*ABOUT THIS EXERCISE*. In the entries below, find the line with "- Bedroom featuring" and the line with "La médiathèque L’Esperluette"; reproduce those two lines and all lines between them exactly, without pictures.

++++++++++++++++++++

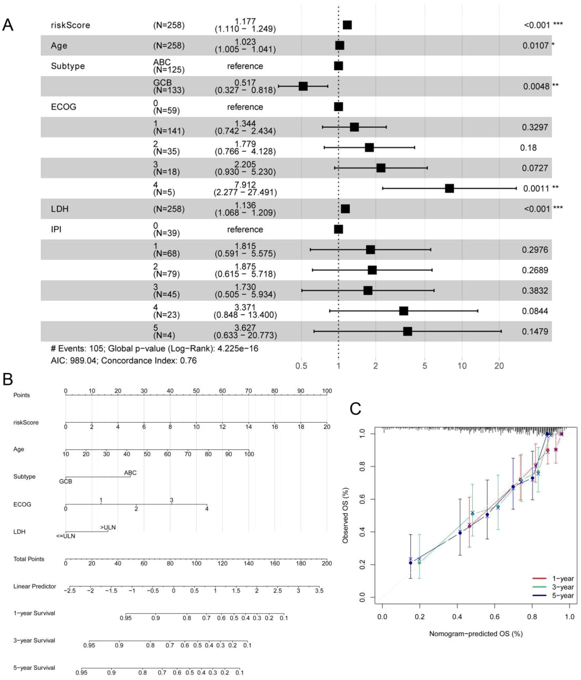 Figure 4. Multivariate Cox regression analysis and the nomogram based on the ERG score, IPI and clinical features in the GSE10846 cohort. (A) Multivariate Cox regression analysis of ERG score, IPI and clinical features in GSE10846 training cohort. (B) A nomogram for the prediction of the 1-, 3- and 5-year survival probabilities of DLBCL patients according to the ERG score, IPI and clinical factors. (C) Nomogram-predicted percentages and the observed probabilities of 1-, 3- and 5-year survival. *p< 0.05; **p< 0.01; ***p< 0.001.
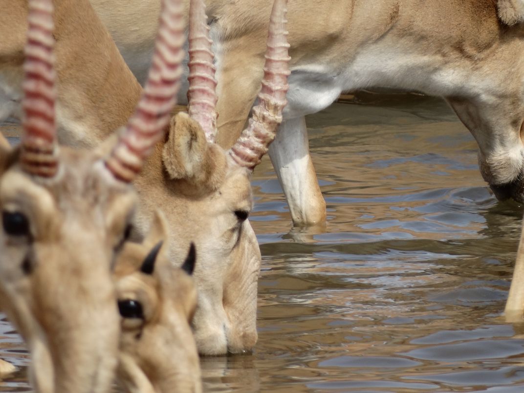 Сайгаки на водопое,заповедник Черные земли, республика Калмыкия, Россия
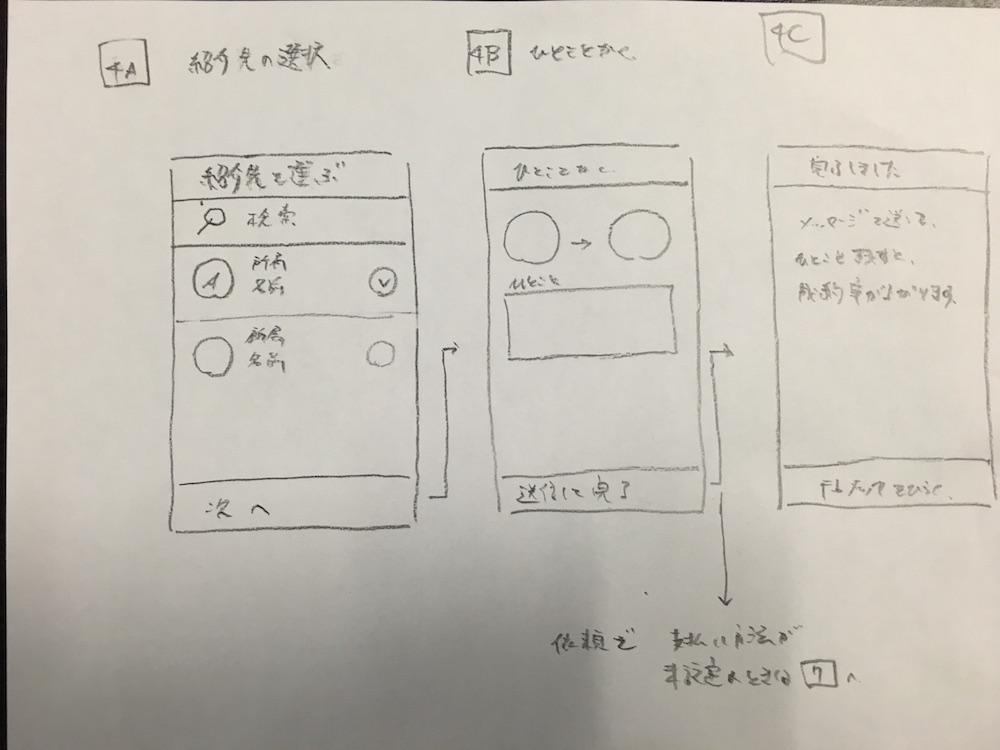 | 1 | 依頼者 | A.依頼内容の記述、B.報酬を設定し、C.友人から一名名指しして、依頼を登録し、Facebookメッセージで相手に送信 |
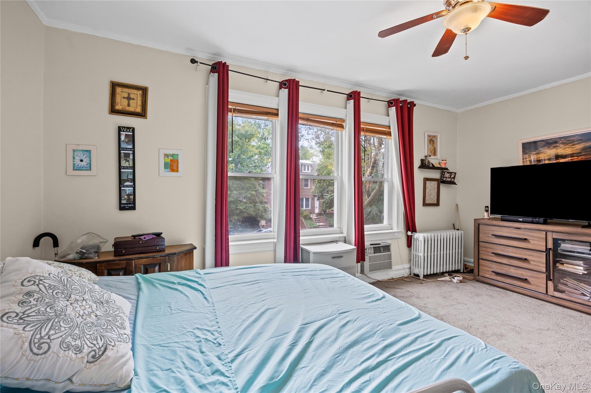 - Bedroom featuring ornamental molding, radiator heating unit, a ceiling fan, carpet flooring, and an AC wall unit
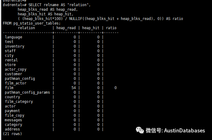 6 在查询中表读取在内存中的命中的数据块是一个需要被关注的参数,下面的脚本中可以看到每个表被读取时,在磁盘中读取和在内存中直接读取之间的数字和比率。
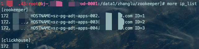 mkdir zookeepercd zookeepervim ip_list[zookeeper]172.xx.xx.x HOSTNAME=sz-pg-adt-apps-002.xxxxxx.com ID=1172.xx.xx.x HOSTNAME=sz-pg-adt-apps-003.xxxxxx.com ID=2172.xx.xx.x HOSTNAME=sz-pg-adt-apps-004.xxxxxx.com ID=3[clickhouse]172.xx.xx.x
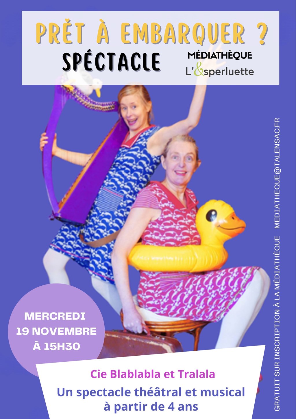 La médiathèque L’Esperluette vous invite à découvrir le spectacle familial « Prêt à embarquer » le mercredi 19 novembre à 15h30. Destiné aux enfants à partir de 4 ans, ce spectacle mêle théâtre et musique pour offrir un moment de divertissement et d’éveil.
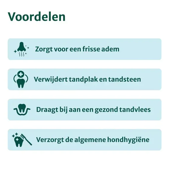 Let op: Dental Bright is een natuurlijk supplement als aanvulling op de dagelijkse mondhygiëne voor een frisse adem en gezond gebit, maar vervangt geen medisch advies van een dierenarts of tandarts.
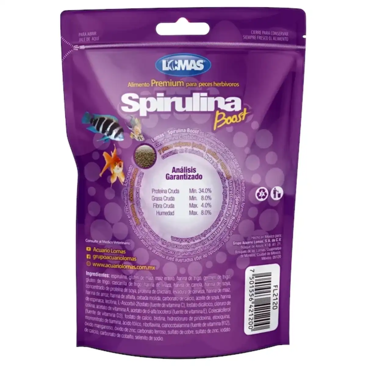 El alimento Lomas Spirulina Boost 70 Gr es adecuado para peces africanos y peces vivíparos como molies, platties y espadas.
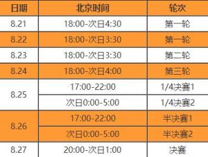 2017年世界羽毛球锦标赛于21日-27日在苏格兰格拉斯哥进行,以下是本届比赛各轮次时间表。
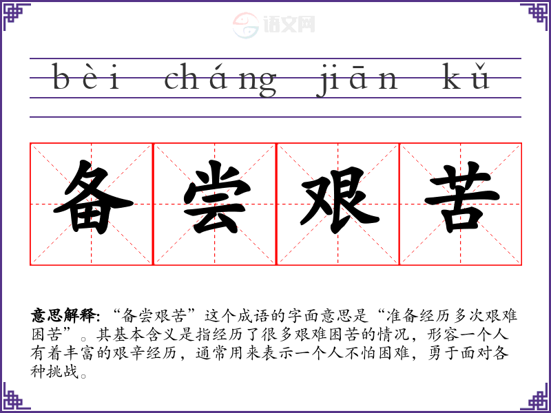 “备尝艰苦”这个成语的字面意思是“准备经历多次艰难困苦”。其基本含义是指经历了很多艰难困苦的情况,形容一个人有着丰富的艰辛经历,通常用来表示一个人不怕困难,勇于面对各种挑战。
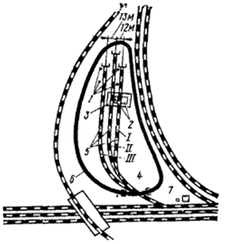 Як приклад можна принести учбово-тренувальний, полігон відбудовного поїзда станції Дарниця Південно-Західної залізниці, план якого наведений на рис. 1.2. Полігон має шляховий розвиток із трьох шляхів. Шлях І, на якій покладені залізобетонні шпали, призначений для випробування вантажопідйомних кранів, має довжину 200 м і площадку 3 (45x40 м) із щебеневим покриттям. Усередині споруджена площадка 2 менший розміри (23x15 м) з бетонним покриттям, на якій установлюються вантажопідйомні крани для їх статичного й динамічного випробування. На основній площадці розмішений побір каліброваних блоків масою від 2,5 до 80 т (загальна маса 320 т). Шлях ІІ довжиною 250 м з тупиком, виконаним у вигляді торцевої рампи, і ділянкою контактної мережі призначений для стоянки відбудовного поїзда й спуска тягачів, тракторів, бульдозерів. Шлях ІІІ призначений для стоянки списаного рухливого складу. Він складається із чотирьох ділянок з рейками типу Р50 і Р65 на дерев'яних і залізобетонних шпалах, а також з ділянки з контактною мережею. По периметрі навчального полігона влаштована закільцована ґрунтова дорога 6*, призначена для обкатки й роботи тягових засобів, із пристроєм переїзду 4 у горловині шляху полігона. У горловині шляху побудована переїзна будка 7, до якої підключена електроенергія для опалення электротенами. Будка телефонізована, має зовнішній звуковий і світловий повторювач.
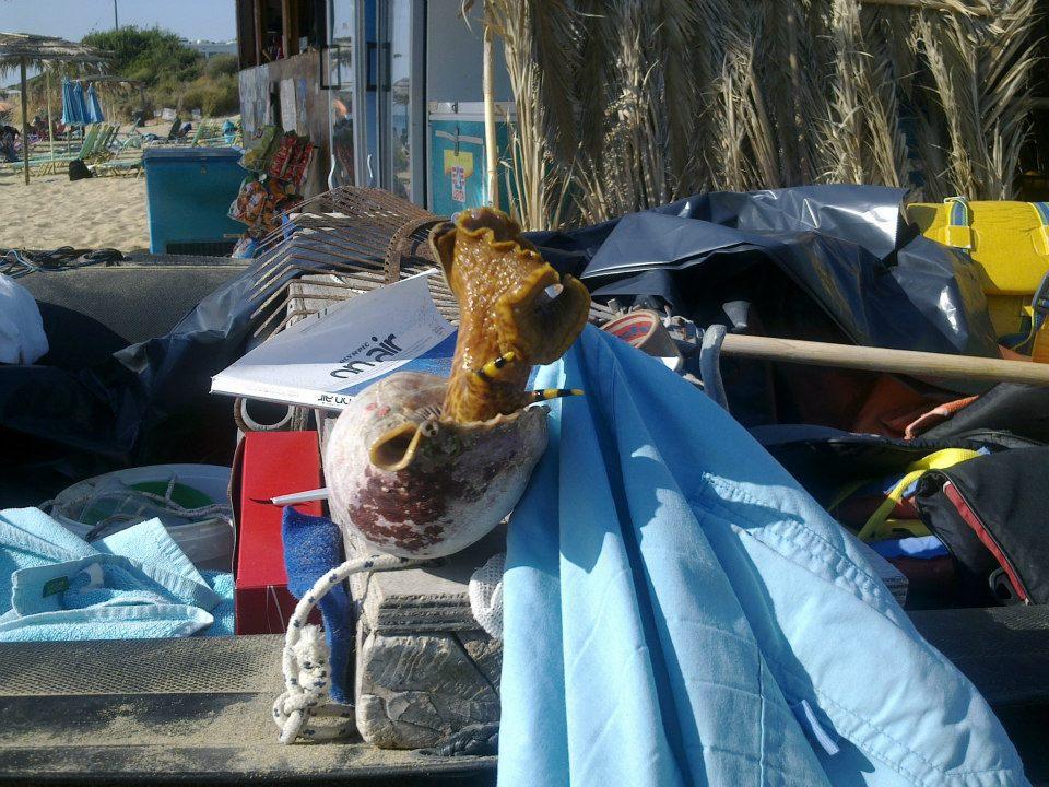 Ένα γιγαντιαίο θαλάσσιο σαλιγκάρι εντόπισε σε βάθος 10 μέτρων ο Θύμιος Μοσχόπουλος στην περιοχή Γλαρονήσι, δίπλα στην παραλία «Μεγάλη Άμμος» στις Μηνιές Κεφαλονιάς.Αφού το φωτογράφησε και το «θαύμασε» με την παρέα του το επέστρεψε στο φυσικό του περιβάλλον, το βυθό.
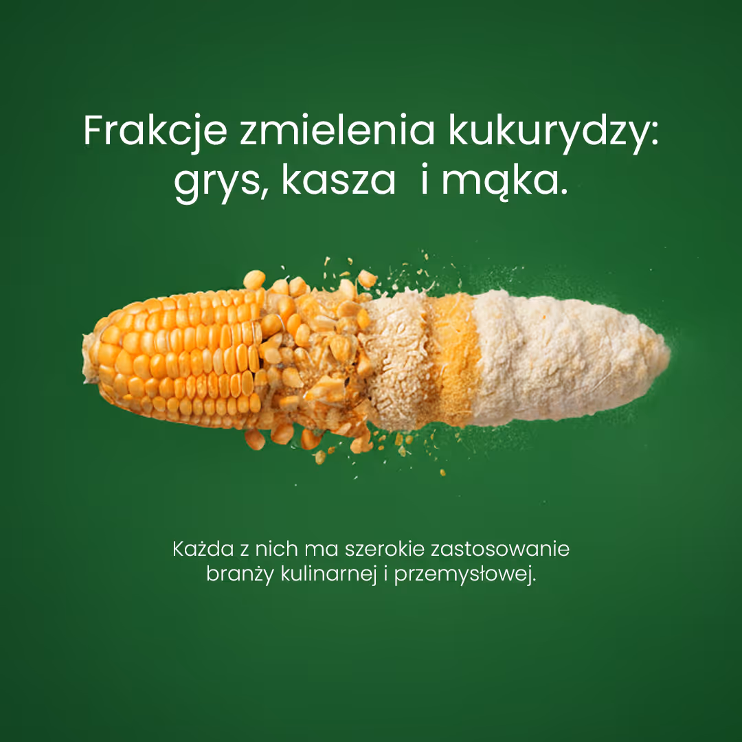 Identyfikacja wizulana - spójna narracja: od natury przez produkt do technologicznej siły firmy, która przetwarza ziarno w nowoczesne rozwiązania dla przemysłu spożywczego.
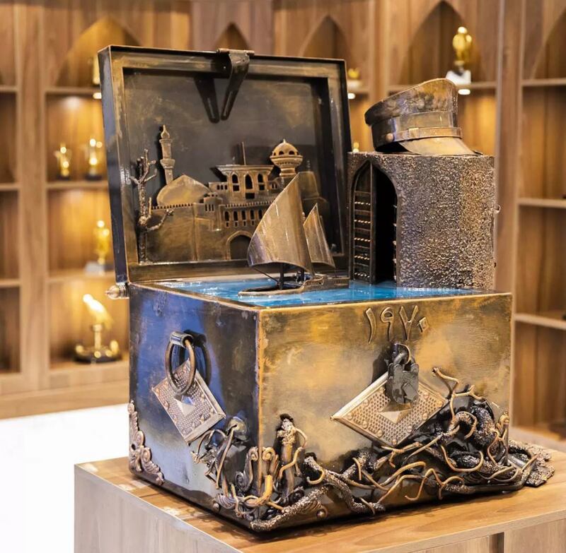 بعنوان “أعز الرجال وأنقاهم”، اقتنت “أثير” عملًا فنيًا منحوتًا بخامة الحديد بأنامل الفنان التشكيلي العماني محمد البلوشي، يحكي محطات تأسيس دولة آل سعيد وبداية نهضة عُمان الحديثة التي قادها السلطان قابوس بن سعيد – طيّب الله ثراه-.
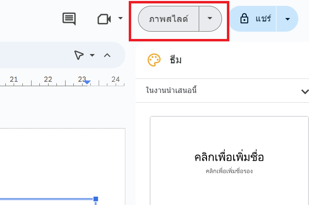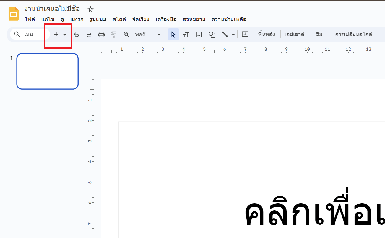 ขั้นตอนที่ 4 เพิ่ม Slide: คลิกที่ปุ่ม "+" ที่แถบด้านซ้ายเพื่อเพิ่ม Slide ใหม่
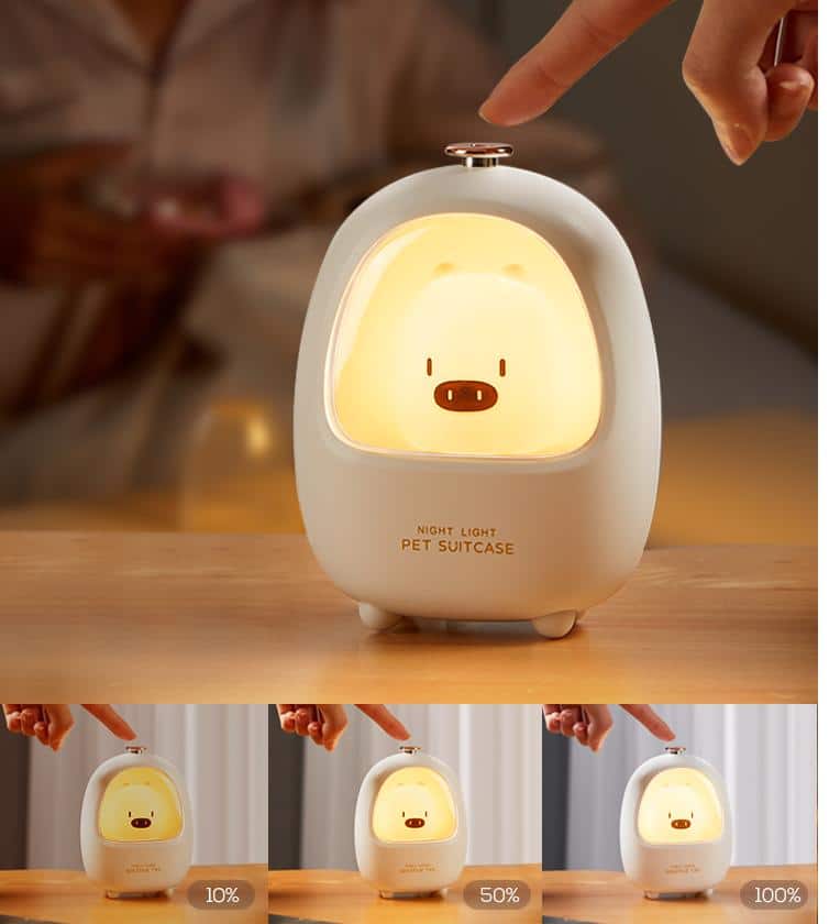 Låt oss presentera din nya favorit för barnrummet eller sovrummet – vår bedårande djur nattlampa med touch-funktion! Denna lilla pärla är inte bara en lampa, utan en riktig stämningshöjare som sprider ett mjukt och behagligt sken. Med sin charmiga design, som påminner om en liten, snäll gris inuti en resväska, blir den snabbt en älskad del av inredningen. Glöm krångliga knappar, tack vare touch-funktionen kan du enkelt tända, släcka och justera ljusstyrkan med bara en lätt beröring. Perfekt för nattliga besök eller bara för att skapa en mysig atmosfär när det är dags att varva ner.

++++++++++++++++++++

*REPLY TO THE EXERCISE*.
 - Bedroom featuring ornamental molding, radiator heating unit, a ceiling fan, carpet flooring, and an AC wall unit
 6 在查询中表读取在内存中的命中的数据块是一个需要被关注的参数,下面的脚本中可以看到每个表被读取时,在磁盘中读取和在内存中直接读取之间的数字和比率。
 mkdir zookeepercd zookeepervim ip_list[zookeeper]172.xx.xx.x HOSTNAME=sz-pg-adt-apps-002.xxxxxx.com ID=1172.xx.xx.x HOSTNAME=sz-pg-adt-apps-003.xxxxxx.com ID=2172.xx.xx.x HOSTNAME=sz-pg-adt-apps-004.xxxxxx.com ID=3[clickhouse]172.xx.xx.x
 La médiathèque L’Esperluette vous invite à découvrir le spectacle familial « Prêt à embarquer » le mercredi 19 novembre à 15h30. Destiné aux enfants à partir de 4 ans, ce spectacle mêle théâtre et musique pour offrir un moment de divertissement et d’éveil.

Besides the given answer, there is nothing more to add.